YOUR ASSIGNMENT - Since the listing below shows pictures, leave them out and write out exactly the lines from the line with "Фоторамка бежевого цвета" to the line with "No.SO(G)MISC/2025. It is", both included, and no others.

DATASET ENTRIES -
────────────────────

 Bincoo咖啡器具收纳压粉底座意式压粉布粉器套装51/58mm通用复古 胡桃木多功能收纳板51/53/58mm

────────────────────

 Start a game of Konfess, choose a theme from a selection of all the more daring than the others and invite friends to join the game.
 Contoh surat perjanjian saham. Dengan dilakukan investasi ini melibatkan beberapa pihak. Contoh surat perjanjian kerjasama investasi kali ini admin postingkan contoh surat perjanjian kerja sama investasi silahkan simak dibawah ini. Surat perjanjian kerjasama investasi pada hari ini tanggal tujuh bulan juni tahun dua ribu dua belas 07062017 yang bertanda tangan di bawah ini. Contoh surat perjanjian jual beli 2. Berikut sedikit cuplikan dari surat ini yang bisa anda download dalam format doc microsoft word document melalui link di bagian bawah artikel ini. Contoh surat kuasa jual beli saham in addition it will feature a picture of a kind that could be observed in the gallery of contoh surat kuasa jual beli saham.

────────────────────

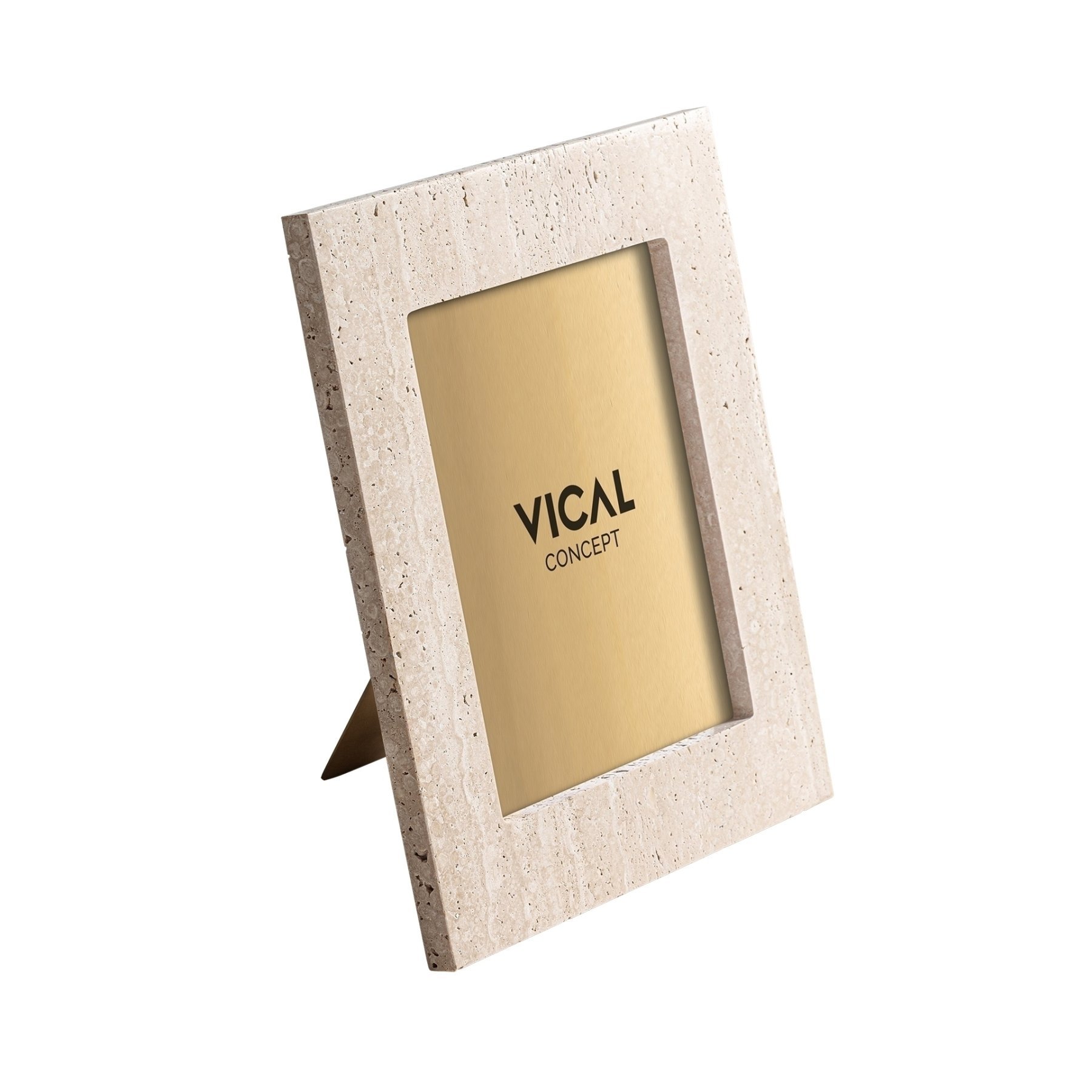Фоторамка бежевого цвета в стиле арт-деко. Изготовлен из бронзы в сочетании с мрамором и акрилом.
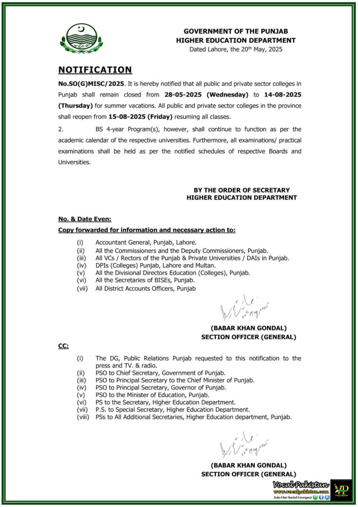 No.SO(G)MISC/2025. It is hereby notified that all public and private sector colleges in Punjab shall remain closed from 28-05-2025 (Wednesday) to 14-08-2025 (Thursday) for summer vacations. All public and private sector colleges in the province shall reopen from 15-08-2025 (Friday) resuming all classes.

────────────────────

ANSWER BELOW -
Фоторамка бежевого цвета в стиле арт-деко. Изготовлен из бронзы в сочетании с мрамором и акрилом.
 No.SO(G)MISC/2025. It is hereby notified that all public and private sector colleges in Punjab shall remain closed from 28-05-2025 (Wednesday) to 14-08-2025 (Thursday) for summer vacations. All public and private sector colleges in the province shall reopen from 15-08-2025 (Friday) resuming all classes.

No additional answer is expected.